# Aim of the exercise
Would you write out each line of the material below exactly, skipping every picture?

# Data
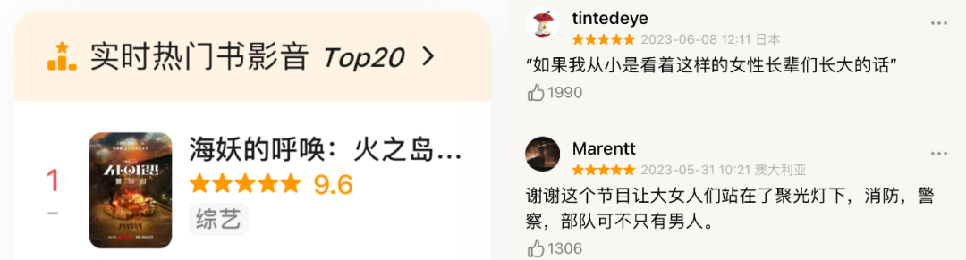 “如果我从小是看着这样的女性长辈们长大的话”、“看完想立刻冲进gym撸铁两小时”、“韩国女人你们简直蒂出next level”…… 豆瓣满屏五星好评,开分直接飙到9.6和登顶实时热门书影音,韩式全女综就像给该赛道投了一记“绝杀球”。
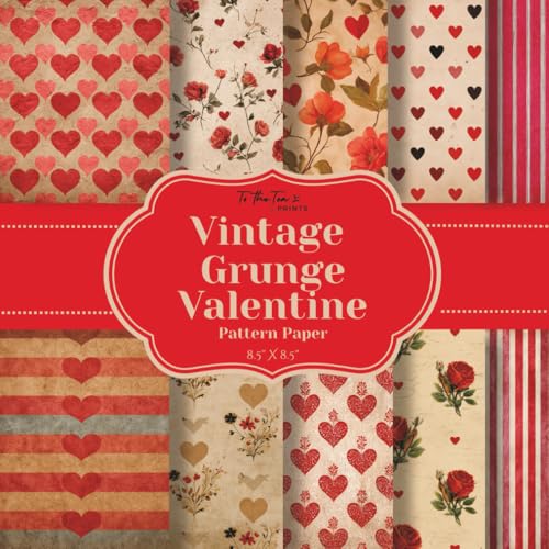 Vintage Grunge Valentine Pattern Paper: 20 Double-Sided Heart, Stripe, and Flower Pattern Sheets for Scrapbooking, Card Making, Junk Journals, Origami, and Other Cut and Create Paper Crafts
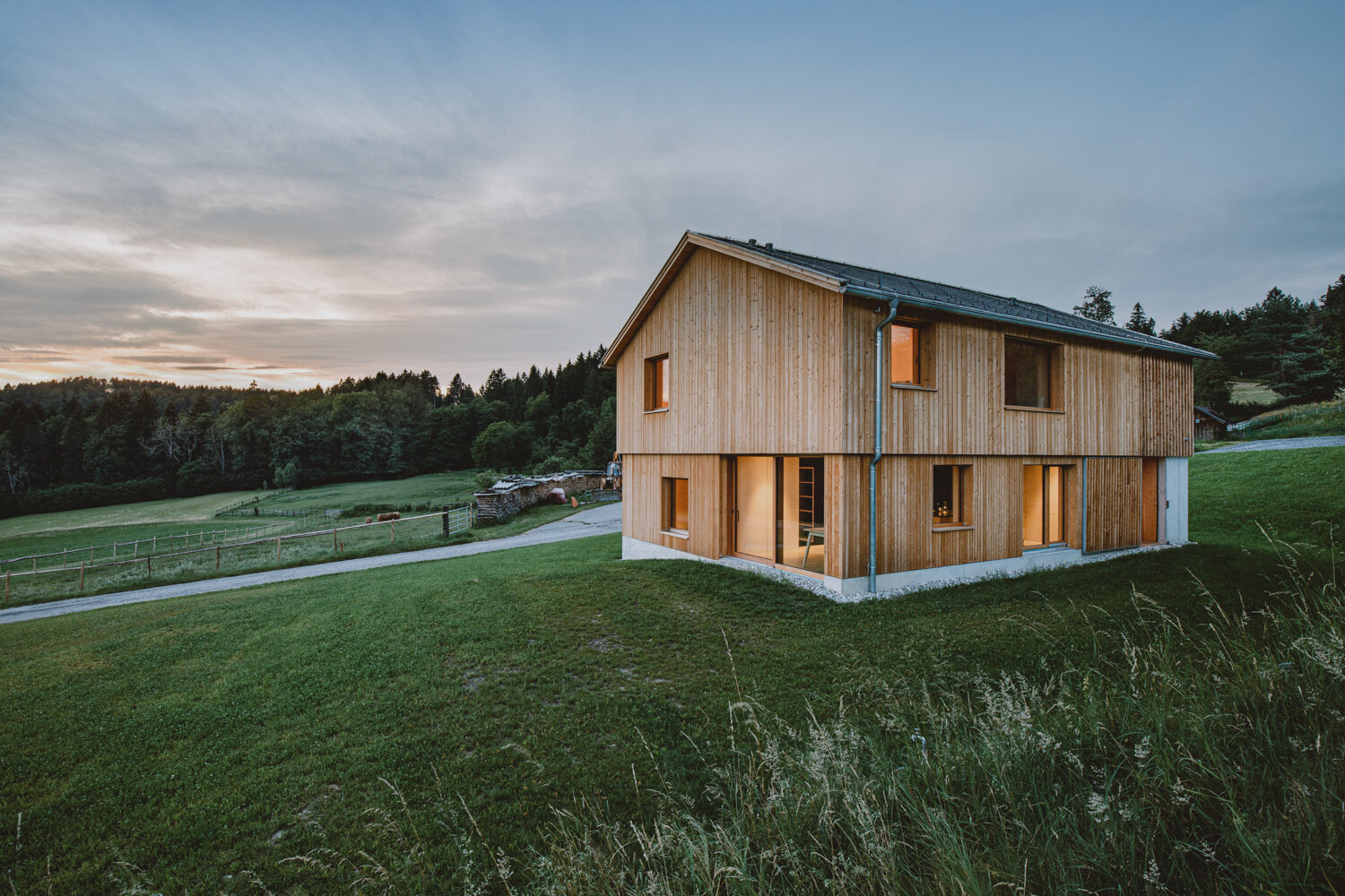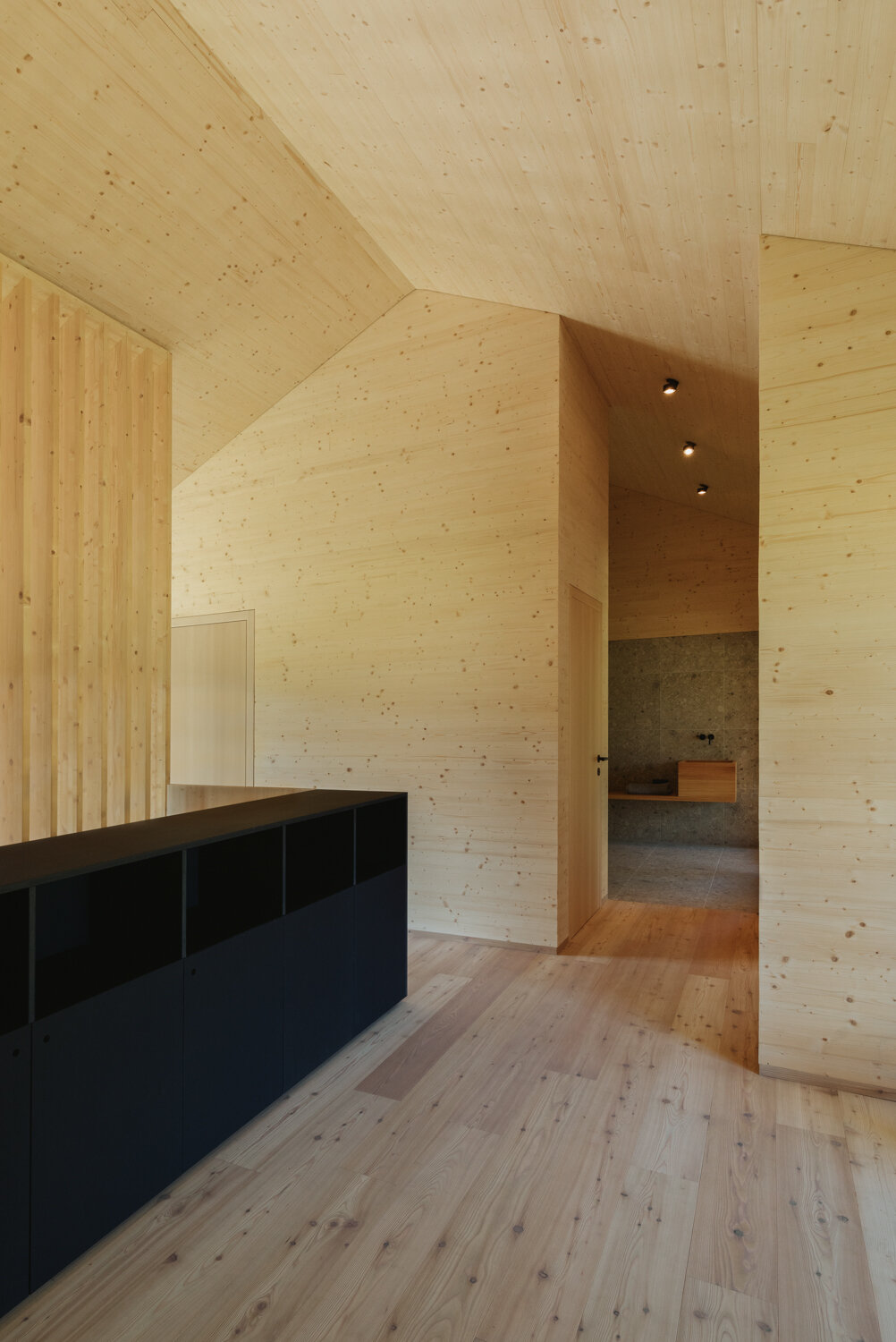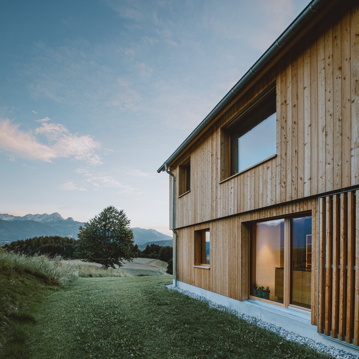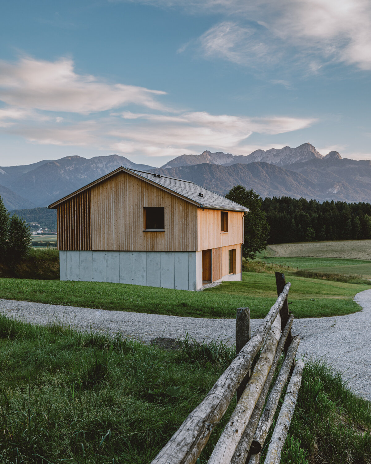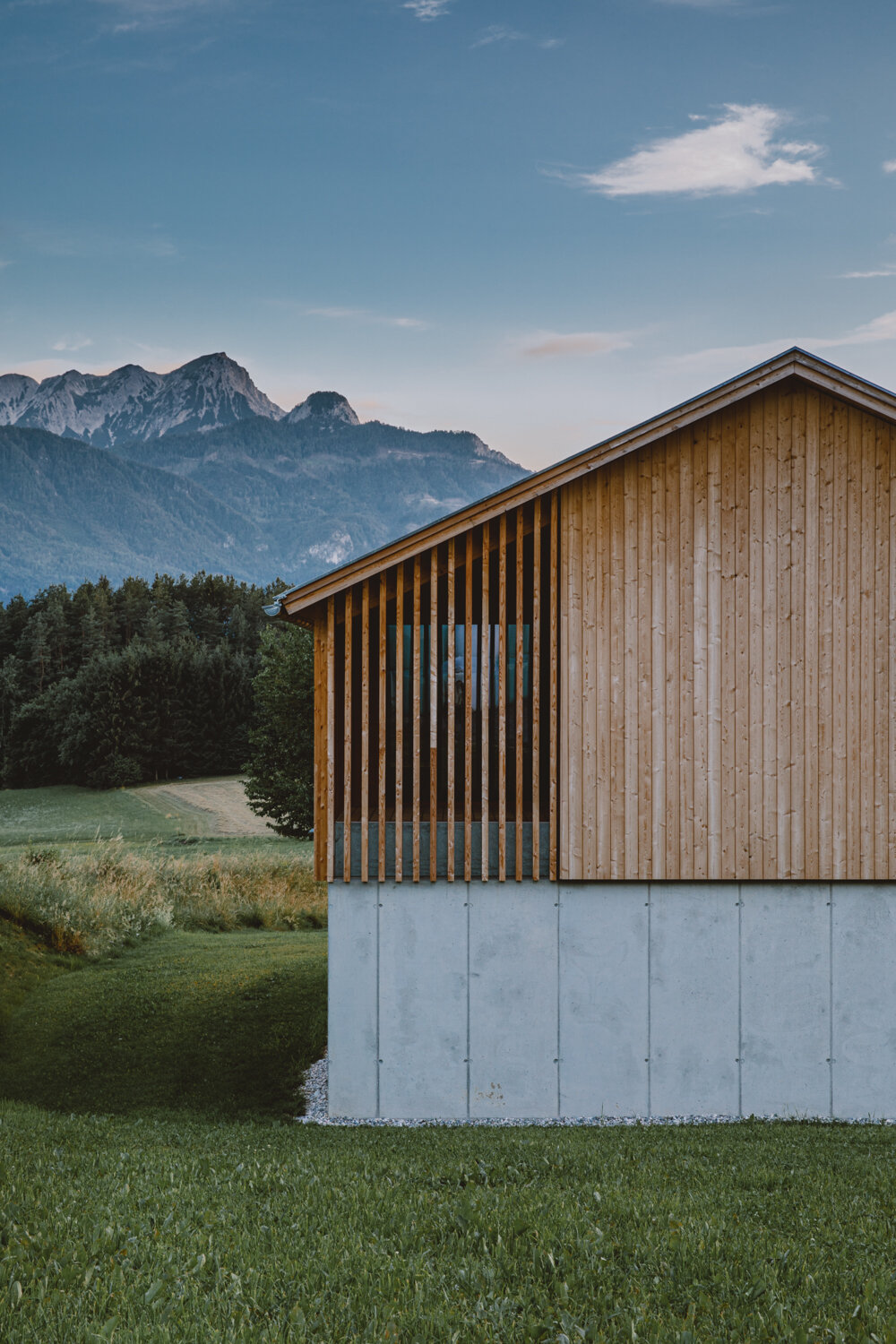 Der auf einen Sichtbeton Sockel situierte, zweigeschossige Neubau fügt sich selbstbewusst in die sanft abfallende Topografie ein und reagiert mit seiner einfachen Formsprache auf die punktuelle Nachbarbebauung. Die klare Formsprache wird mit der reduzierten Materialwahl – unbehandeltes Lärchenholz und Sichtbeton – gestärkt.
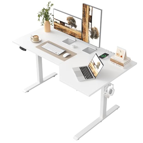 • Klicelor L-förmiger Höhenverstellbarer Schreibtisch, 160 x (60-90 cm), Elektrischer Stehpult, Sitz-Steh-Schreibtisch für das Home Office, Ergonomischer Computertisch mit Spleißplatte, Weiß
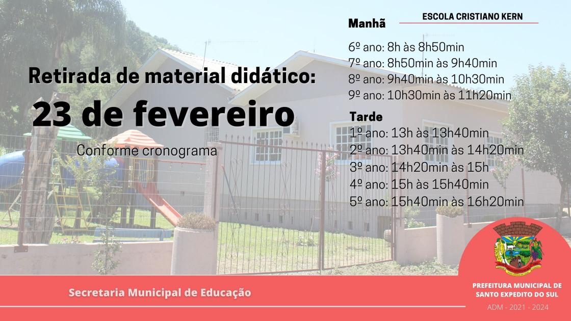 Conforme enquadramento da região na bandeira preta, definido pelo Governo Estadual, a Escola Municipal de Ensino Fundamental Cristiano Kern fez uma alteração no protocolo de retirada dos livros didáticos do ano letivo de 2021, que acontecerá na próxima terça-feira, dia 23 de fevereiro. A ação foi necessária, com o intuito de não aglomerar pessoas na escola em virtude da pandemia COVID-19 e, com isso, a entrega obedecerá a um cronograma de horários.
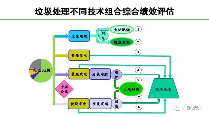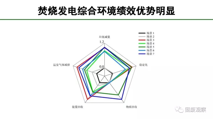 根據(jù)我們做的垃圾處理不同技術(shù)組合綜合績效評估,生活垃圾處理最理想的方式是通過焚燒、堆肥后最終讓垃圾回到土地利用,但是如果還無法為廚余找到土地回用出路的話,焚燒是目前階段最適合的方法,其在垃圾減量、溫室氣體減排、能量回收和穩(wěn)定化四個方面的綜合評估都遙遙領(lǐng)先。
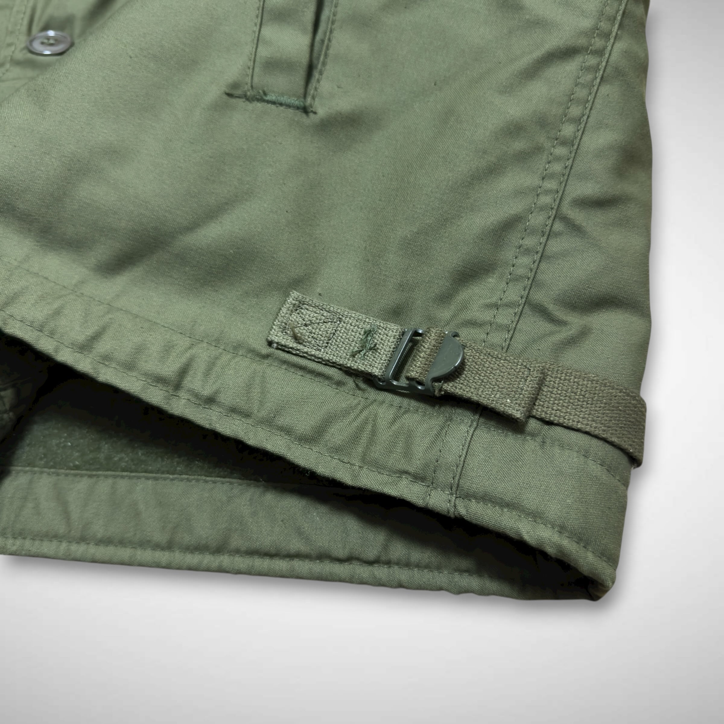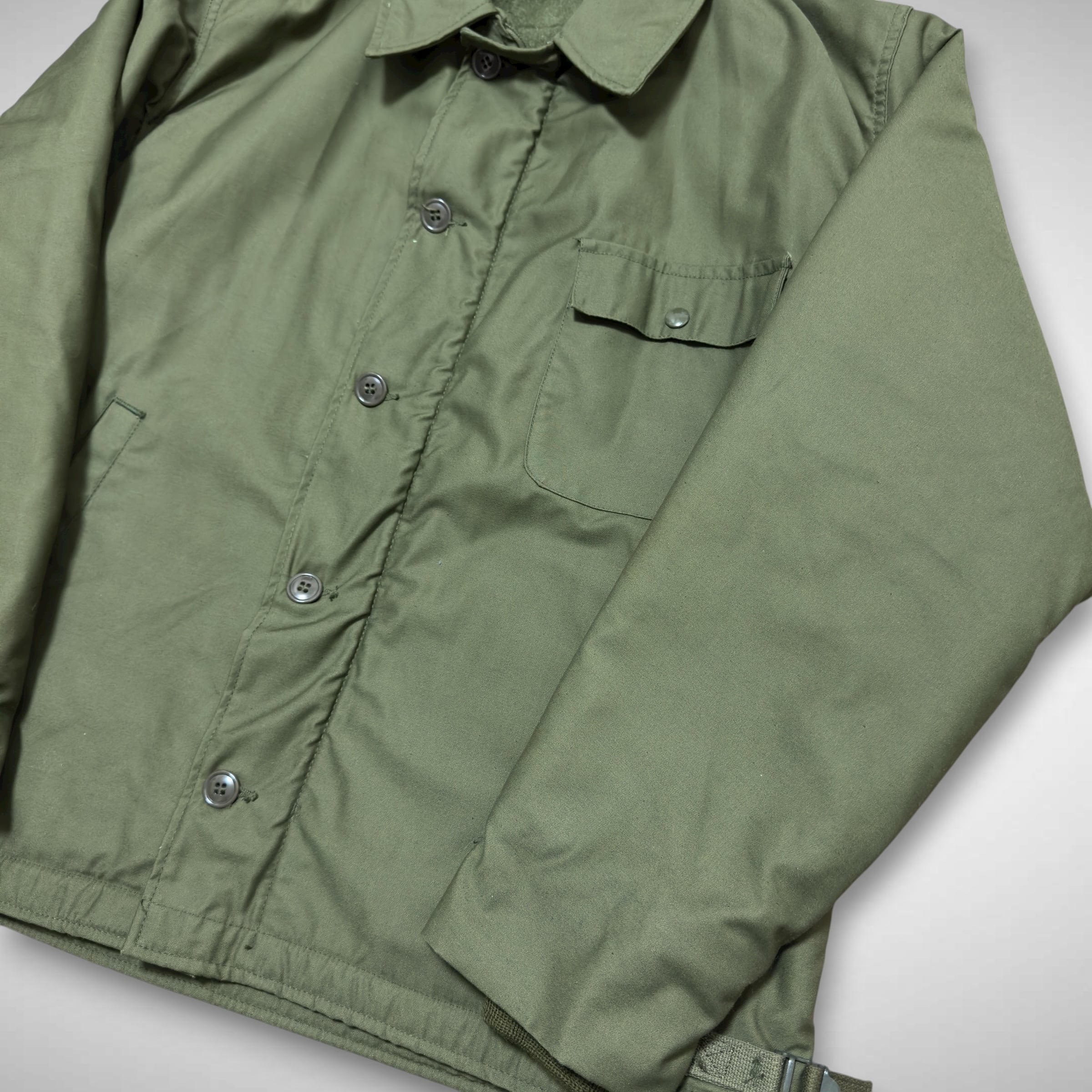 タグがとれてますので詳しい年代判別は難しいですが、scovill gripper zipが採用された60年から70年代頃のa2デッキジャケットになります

# Output of the task
 “如果我从小是看着这样的女性长辈们长大的话”、“看完想立刻冲进gym撸铁两小时”、“韩国女人你们简直蒂出next level”…… 豆瓣满屏五星好评,开分直接飙到9.6和登顶实时热门书影音,韩式全女综就像给该赛道投了一记“绝杀球”。
 Vintage Grunge Valentine Pattern Paper: 20 Double-Sided Heart, Stripe, and Flower Pattern Sheets for Scrapbooking, Card Making, Junk Journals, Origami, and Other Cut and Create Paper Crafts
 Der auf einen Sichtbeton Sockel situierte, zweigeschossige Neubau fügt sich selbstbewusst in die sanft abfallende Topografie ein und reagiert mit seiner einfachen Formsprache auf die punktuelle Nachbarbebauung. Die klare Formsprache wird mit der reduzierten Materialwahl – unbehandeltes Lärchenholz und Sichtbeton – gestärkt.
 • Klicelor L-förmiger Höhenverstellbarer Schreibtisch, 160 x (60-90 cm), Elektrischer Stehpult, Sitz-Steh-Schreibtisch für das Home Office, Ergonomischer Computertisch mit Spleißplatte, Weiß
 Conforme enquadramento da região na bandeira preta, definido pelo Governo Estadual, a Escola Municipal de Ensino Fundamental Cristiano Kern fez uma alteração no protocolo de retirada dos livros didáticos do ano letivo de 2021, que acontecerá na próxima terça-feira, dia 23 de fevereiro. A ação foi necessária, com o intuito de não aglomerar pessoas na escola em virtude da pandemia COVID-19 e, com isso, a entrega obedecerá a um cronograma de horários.
 根據(jù)我們做的垃圾處理不同技術(shù)組合綜合績效評估,生活垃圾處理最理想的方式是通過焚燒、堆肥后最終讓垃圾回到土地利用,但是如果還無法為廚余找到土地回用出路的話,焚燒是目前階段最適合的方法,其在垃圾減量、溫室氣體減排、能量回收和穩(wěn)定化四個方面的綜合評估都遙遙領(lǐng)先。
 タグがとれてますので詳しい年代判別は難しいですが、scovill gripper zipが採用された60年から70年代頃のa2デッキジャケットになります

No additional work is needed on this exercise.